**EXERCISE DETAILS:** Print out the data that follows exactly, character for character, apart from the pictures.

**INFORMATION PROVIDED:**
━━━━━━━━━━━━━━━━
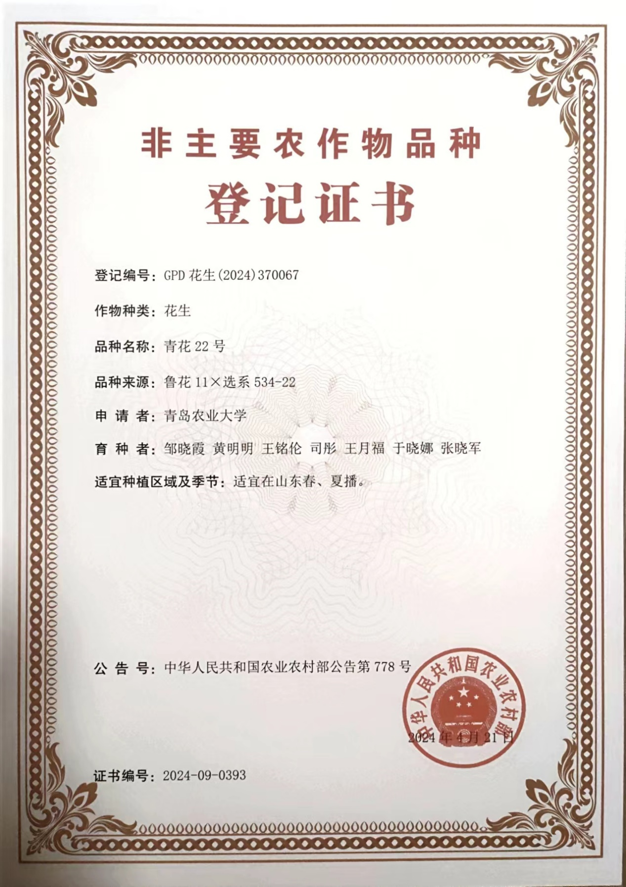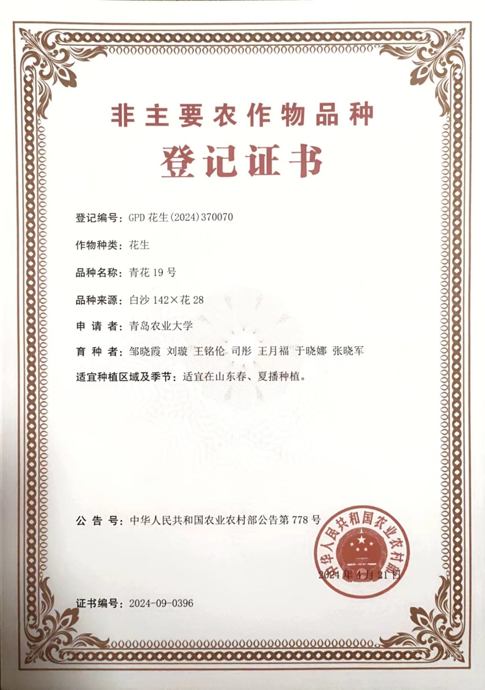 该项目负责人为beat365中文唯一官网教授、国家花生产业技术体系岗位科学家邹晓霞。据介绍,青花19号由白沙142和花28通过有性杂交、系统选育而成,属于油食兼用型花生。生育期120天左右,荚果珍珠豆形,百仁重约110克,出仁率可达77%。品种适应性广、抗逆性强。在2021和2022两年区试试验分别比对照增产9.25%和7.58%。此前,团队培育了花生品种青花6号,于2012年通过国家鉴定,近几年在东北、河南、山东等地种植面积大,品种市场认可度和需求度高。青花19号是在青花6号基础上进一步选育的罗汉果型大花生,在进一步提升产量基础上,保留了青花6号的抗逆、早熟优良品性。青花22号由鲁花11和选系534-22通过有性杂交、系统选育而成,属于出口型大花生品种。生育期124天左右,荚果普通形,典型特点是高产、大果、大仁,百果重254克,出仁率74.5%。在2021和2022两年区试试验分别比对照增产15.64%和14.35%。
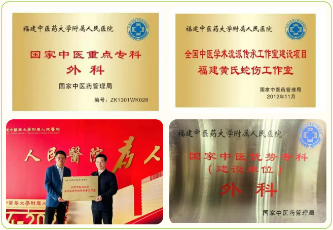 福建中醫(yī)藥大學(xué)附屬人民醫(yī)院(福建省人民醫(yī)院)瘡瘍蛇傷脈管外科創(chuàng)建于1958年,現(xiàn)為國(guó)家中醫(yī)優(yōu)勢(shì)專(zhuān)科、國(guó)家中醫(yī)藥管理局外科國(guó)家臨床重點(diǎn)專(zhuān)科、國(guó)家中醫(yī)藥管理局毒蛇咬傷重點(diǎn)專(zhuān)病、國(guó)家中醫(yī)藥管理局"福建黃氏蛇傷全國(guó)學(xué)術(shù)流派傳承工作室"建設(shè)項(xiàng)目、福建省蛇傷救治中心、福建省中醫(yī)藥學(xué)會(huì)外科分會(huì)主委單位、福建省中西醫(yī)結(jié)合學(xué)會(huì)燒傷病學(xué)分會(huì)主委單位。
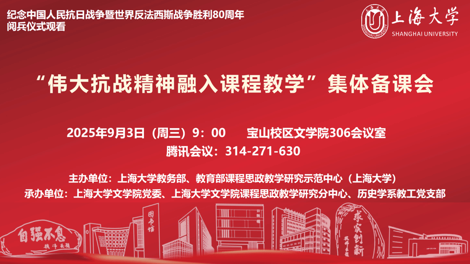 9月3日上午,kaiyun开云官方网站举办“伟大抗战精神融入课程教学”集体备课会。集体备课会由kaiyun开云官方网站教务部、教育部课程思政教学研究示范中心(kaiyun开云官方网站)主办,kaiyun开云官方网站文学院党委、文学院课程思政教学研究分中心、历史学系教工党支部承办。全国高校党史类课程联盟校代表,kaiyun开云官方网站基础教育处、附属中小学校,kaiyun开云官方网站学院课程思政教学研究分中心代表线上线下参会。上海社会科学院“仲礼学者”、国际问题研究所研究员余建华应邀作专题辅导。文学院党委书记陆甦颖,副书记、副院长丁佳蒙,副院长宁镇疆、杨长云,团委书记宋亚丽,历史学系教工党支部书记朱虹和党员老师们,kaiyun开云官方网站基础教育处副处长肖青峰、附属中小学教师代表顾梦岚、秦歌,kaiyun开云官方网站课程思政名师工作室主持人代表桑茂林、杨小明,课程思政教学研究中心副主管曹园园等22人线下参会。文学院院长刘旭光、历史系王三义教授、管理学院党委副书记马亮、机自学院教授王志明等与井冈山大学、南昌航空大学等全国高校党史类课程联盟成员线上参会。会议由kaiyun开云官方网站文学院教学院长杨长云主持。
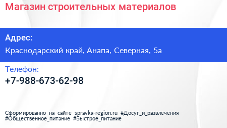 Магазин строительных материалов по адресу Краснодарский край, Анапа, Северная, 5а в дальнейшем Организация, размещена в следующих категориях:
━━━━━━━━━━━━━━━━
**EXERCISE RESPONSE:**
 该项目负责人为beat365中文唯一官网教授、国家花生产业技术体系岗位科学家邹晓霞。据介绍,青花19号由白沙142和花28通过有性杂交、系统选育而成,属于油食兼用型花生。生育期120天左右,荚果珍珠豆形,百仁重约110克,出仁率可达77%。品种适应性广、抗逆性强。在2021和2022两年区试试验分别比对照增产9.25%和7.58%。此前,团队培育了花生品种青花6号,于2012年通过国家鉴定,近几年在东北、河南、山东等地种植面积大,品种市场认可度和需求度高。青花19号是在青花6号基础上进一步选育的罗汉果型大花生,在进一步提升产量基础上,保留了青花6号的抗逆、早熟优良品性。青花22号由鲁花11和选系534-22通过有性杂交、系统选育而成,属于出口型大花生品种。生育期124天左右,荚果普通形,典型特点是高产、大果、大仁,百果重254克,出仁率74.5%。在2021和2022两年区试试验分别比对照增产15.64%和14.35%。
 福建中醫(yī)藥大學(xué)附屬人民醫(yī)院(福建省人民醫(yī)院)瘡瘍蛇傷脈管外科創(chuàng)建于1958年,現(xiàn)為國(guó)家中醫(yī)優(yōu)勢(shì)專(zhuān)科、國(guó)家中醫(yī)藥管理局外科國(guó)家臨床重點(diǎn)專(zhuān)科、國(guó)家中醫(yī)藥管理局毒蛇咬傷重點(diǎn)專(zhuān)病、國(guó)家中醫(yī)藥管理局"福建黃氏蛇傷全國(guó)學(xué)術(shù)流派傳承工作室"建設(shè)項(xiàng)目、福建省蛇傷救治中心、福建省中醫(yī)藥學(xué)會(huì)外科分會(huì)主委單位、福建省中西醫(yī)結(jié)合學(xué)會(huì)燒傷病學(xué)分會(huì)主委單位。
 9月3日上午,kaiyun开云官方网站举办“伟大抗战精神融入课程教学”集体备课会。集体备课会由kaiyun开云官方网站教务部、教育部课程思政教学研究示范中心(kaiyun开云官方网站)主办,kaiyun开云官方网站文学院党委、文学院课程思政教学研究分中心、历史学系教工党支部承办。全国高校党史类课程联盟校代表,kaiyun开云官方网站基础教育处、附属中小学校,kaiyun开云官方网站学院课程思政教学研究分中心代表线上线下参会。上海社会科学院“仲礼学者”、国际问题研究所研究员余建华应邀作专题辅导。文学院党委书记陆甦颖,副书记、副院长丁佳蒙,副院长宁镇疆、杨长云,团委书记宋亚丽,历史学系教工党支部书记朱虹和党员老师们,kaiyun开云官方网站基础教育处副处长肖青峰、附属中小学教师代表顾梦岚、秦歌,kaiyun开云官方网站课程思政名师工作室主持人代表桑茂林、杨小明,课程思政教学研究中心副主管曹园园等22人线下参会。文学院院长刘旭光、历史系王三义教授、管理学院党委副书记马亮、机自学院教授王志明等与井冈山大学、南昌航空大学等全国高校党史类课程联盟成员线上参会。会议由kaiyun开云官方网站文学院教学院长杨长云主持。
 Магазин строительных материалов по адресу Краснодарский край, Анапа, Северная, 5а в дальнейшем Организация, размещена в следующих категориях:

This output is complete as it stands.